#### [Description of the task]
Take the entries that follow and return exactly the lines from the one holding "Bei den Dammen" through the one holding "Myers and his", both included. Nothing else is needed.

#### [Data for this exercise]

++++++++++++++++++++

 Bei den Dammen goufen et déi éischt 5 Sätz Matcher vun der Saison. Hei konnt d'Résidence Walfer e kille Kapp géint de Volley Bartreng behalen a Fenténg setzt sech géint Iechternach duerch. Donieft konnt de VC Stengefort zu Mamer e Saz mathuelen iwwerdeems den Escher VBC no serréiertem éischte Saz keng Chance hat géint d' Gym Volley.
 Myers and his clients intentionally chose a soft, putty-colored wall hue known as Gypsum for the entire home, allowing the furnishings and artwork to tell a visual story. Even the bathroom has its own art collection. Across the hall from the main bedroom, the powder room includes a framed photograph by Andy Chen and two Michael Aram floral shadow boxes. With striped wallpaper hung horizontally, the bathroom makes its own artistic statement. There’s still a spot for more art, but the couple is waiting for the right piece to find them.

++++++++++++++++++++

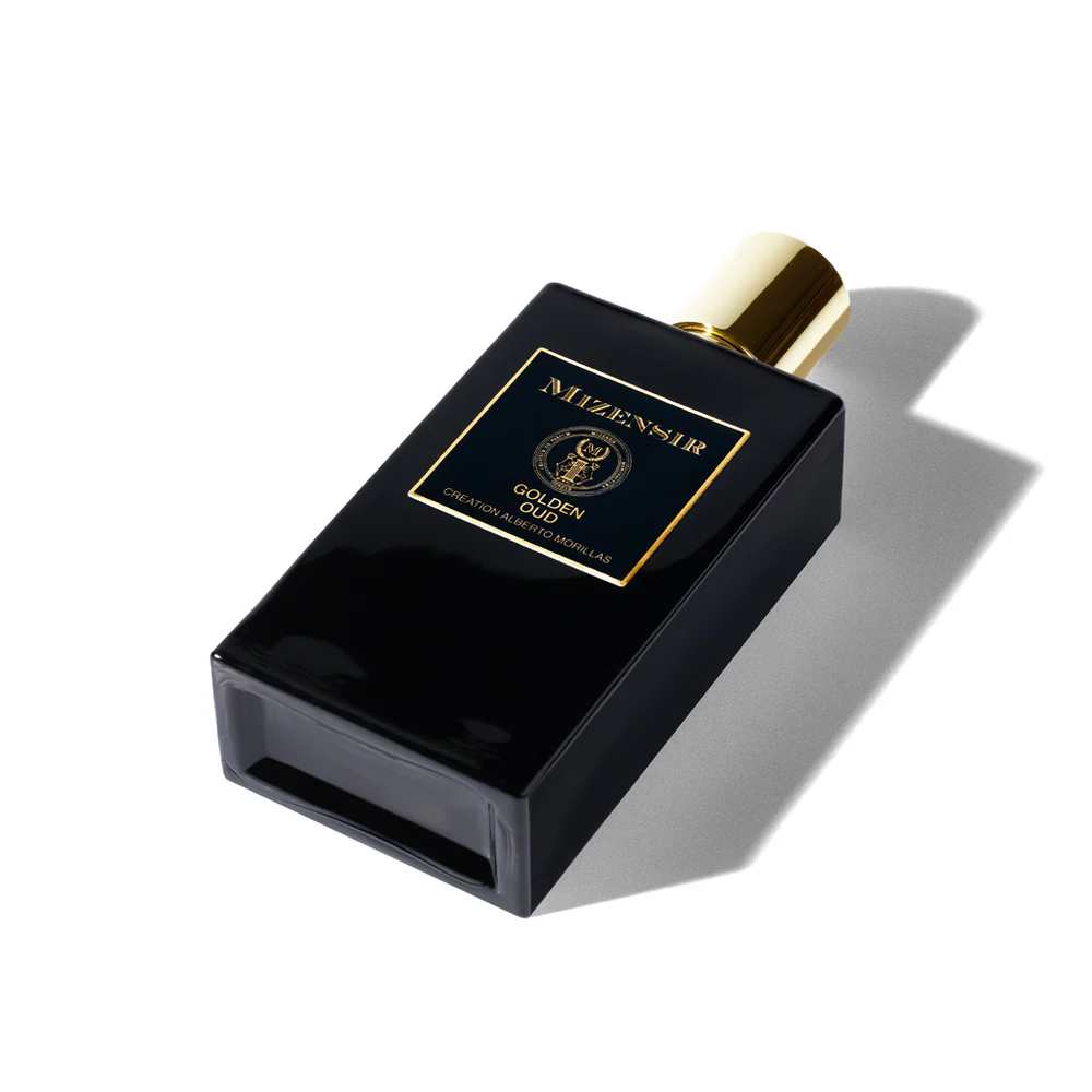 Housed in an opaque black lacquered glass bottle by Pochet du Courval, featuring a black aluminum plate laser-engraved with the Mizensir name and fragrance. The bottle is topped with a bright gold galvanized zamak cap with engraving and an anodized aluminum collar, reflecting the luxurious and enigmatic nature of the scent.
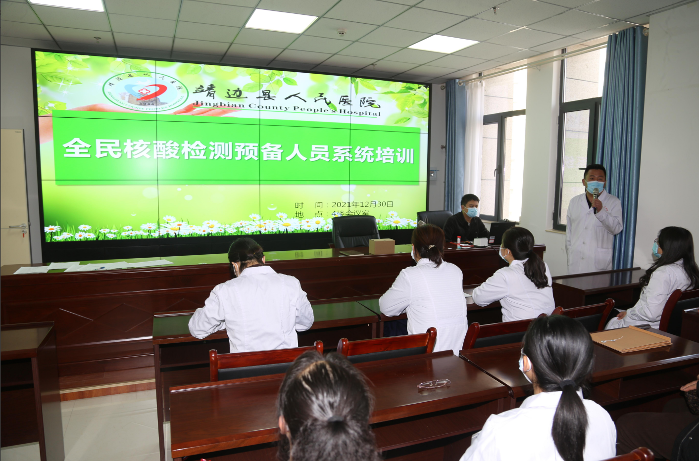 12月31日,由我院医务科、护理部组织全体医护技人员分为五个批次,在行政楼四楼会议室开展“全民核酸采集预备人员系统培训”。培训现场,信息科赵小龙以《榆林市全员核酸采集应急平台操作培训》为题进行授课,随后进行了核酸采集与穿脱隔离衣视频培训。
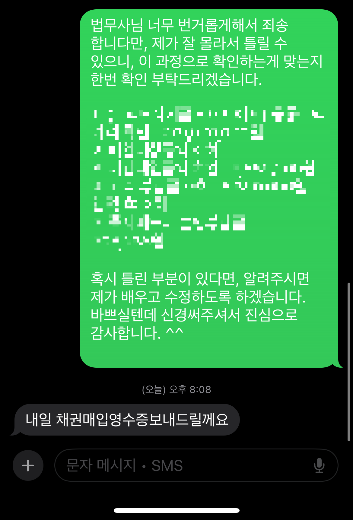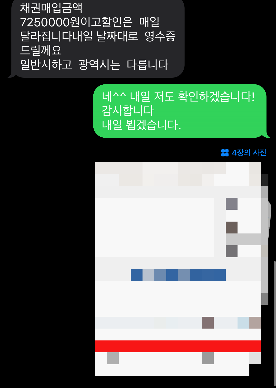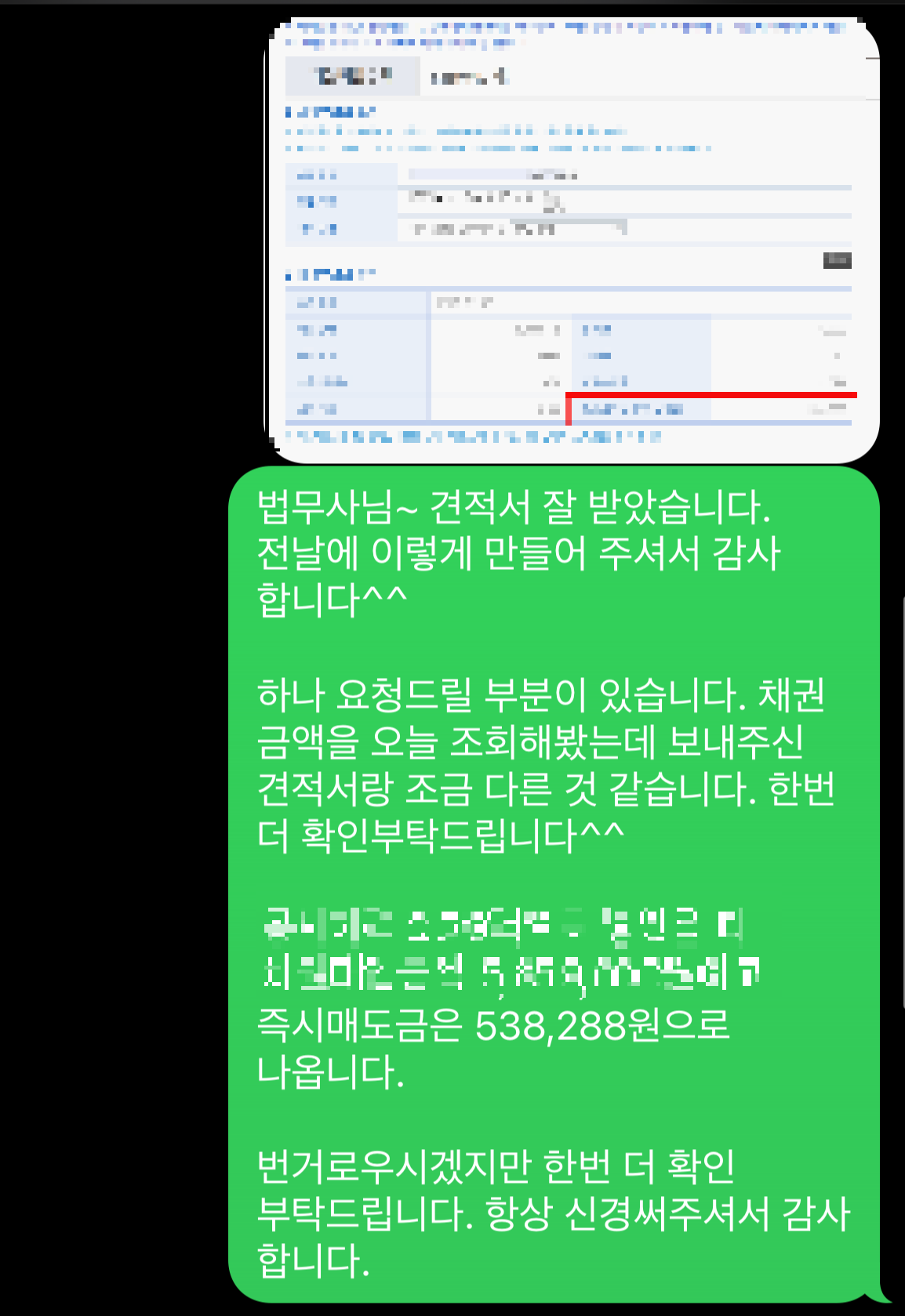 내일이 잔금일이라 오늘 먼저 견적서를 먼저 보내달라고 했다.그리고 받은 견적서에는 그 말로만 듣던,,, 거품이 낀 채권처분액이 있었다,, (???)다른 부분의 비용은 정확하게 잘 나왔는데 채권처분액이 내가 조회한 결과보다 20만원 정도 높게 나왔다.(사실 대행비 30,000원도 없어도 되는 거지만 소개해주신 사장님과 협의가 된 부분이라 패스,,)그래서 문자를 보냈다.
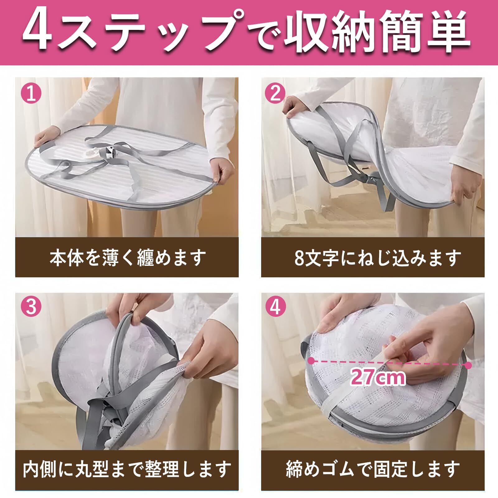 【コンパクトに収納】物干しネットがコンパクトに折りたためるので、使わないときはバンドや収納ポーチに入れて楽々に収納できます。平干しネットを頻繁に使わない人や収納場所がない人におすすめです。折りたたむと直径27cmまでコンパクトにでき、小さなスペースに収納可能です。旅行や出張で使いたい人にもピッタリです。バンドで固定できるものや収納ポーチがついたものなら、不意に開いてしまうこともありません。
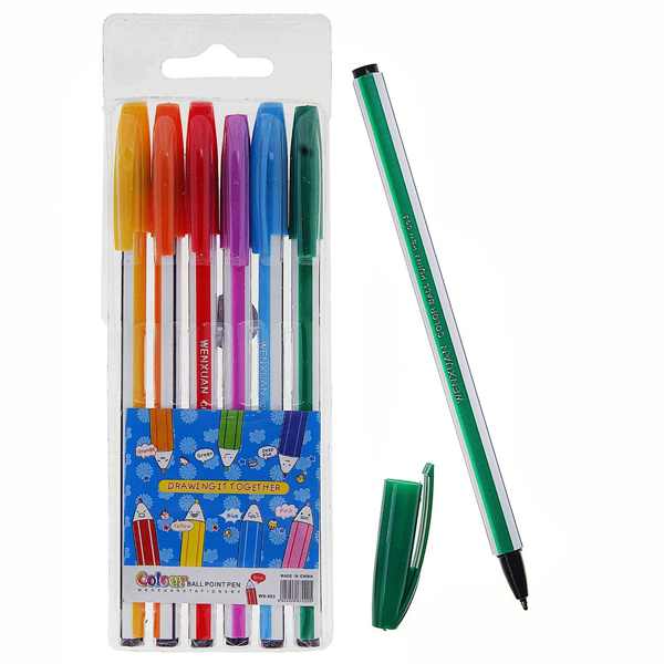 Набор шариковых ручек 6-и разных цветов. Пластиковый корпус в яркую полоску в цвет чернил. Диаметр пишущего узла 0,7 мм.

++++++++++++++++++++

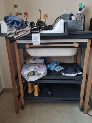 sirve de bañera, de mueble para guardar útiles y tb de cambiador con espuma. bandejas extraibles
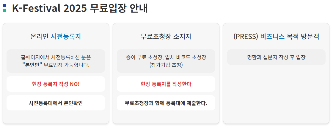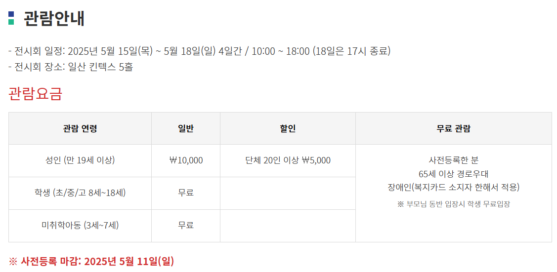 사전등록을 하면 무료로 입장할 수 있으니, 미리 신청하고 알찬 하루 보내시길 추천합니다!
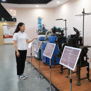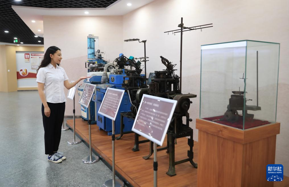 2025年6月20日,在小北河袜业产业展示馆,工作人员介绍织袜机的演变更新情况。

++++++++++++++++++++

#### [Task answer]
 Bei den Dammen goufen et déi éischt 5 Sätz Matcher vun der Saison. Hei konnt d'Résidence Walfer e kille Kapp géint de Volley Bartreng behalen a Fenténg setzt sech géint Iechternach duerch. Donieft konnt de VC Stengefort zu Mamer e Saz mathuelen iwwerdeems den Escher VBC no serréiertem éischte Saz keng Chance hat géint d' Gym Volley.
 Myers and his clients intentionally chose a soft, putty-colored wall hue known as Gypsum for the entire home, allowing the furnishings and artwork to tell a visual story. Even the bathroom has its own art collection. Across the hall from the main bedroom, the powder room includes a framed photograph by Andy Chen and two Michael Aram floral shadow boxes. With striped wallpaper hung horizontally, the bathroom makes its own artistic statement. There’s still a spot for more art, but the couple is waiting for the right piece to find them.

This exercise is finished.